Mr. McBride argues Amazon is the corporation America’s higher education system ought to aspire to reach. Amazon! I’ll let those who have written about Amazon and its treatment of employees to respond to that argument. (You can find just a few of those critics here, here, here and here.) Oh, yes, Amazon most definitely is providing lessons in leadership, ethics and personal development that ought to be endorsed throughout higher education. The argument that such companies are the right way to “disrupt” higher education uses the wrong “d” word; their policies inside higher education would DESTROY America’s colleges and universities.

And maybe that’s what Mr. McBride wants.

He should stay the heck out of the higher education world. Let those of us who actually care about its people, its programs and its future decide what comes next. We don’t need another “let’s make it all about money” argument.

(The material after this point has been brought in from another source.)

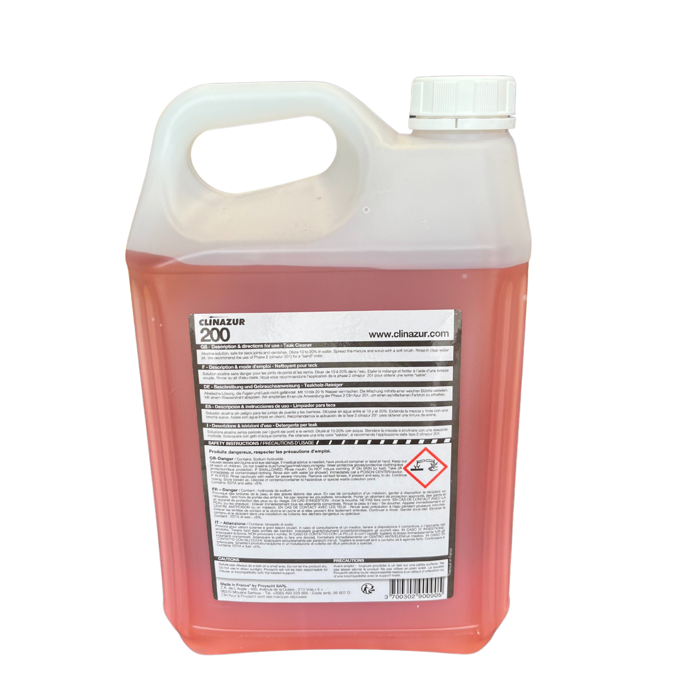 Clinazur 200 Teak Cleaner is a concentrated solution for the ultimate cleaning and removal of stains, salts, etc. It cleans wooden decks and its action allows it to penetrate the wood for deep cleaning. In the 2nd phase, 201 is applied.

  1. What I took away from the article he wrote was that colleges will still offer an education, but if students will be ‘online learners’ they are missing out on the experience side of the equation. (which eliminates the need for room and board to be included in student loan costs). A few years back I did an independent research of MOOC’s and have taken classes through Coursera…there is no doubt that a catalog that large is enticing. Earning my degree completely online did have advantages, yet anyone I’ve talked to about my experience gets this comment from me: there are things you miss from being in a classroom~ the sidebar conversations, for one. You have to be very self disciplined and focused because miss a week of work in an eight week online class and you may never catch up before the end of it. While being absent in a 15 week course is not advisable, you aren’t rolling under the snow ball….yet. As always, I appreciate you bringing another opinion to the forefront~Thank you!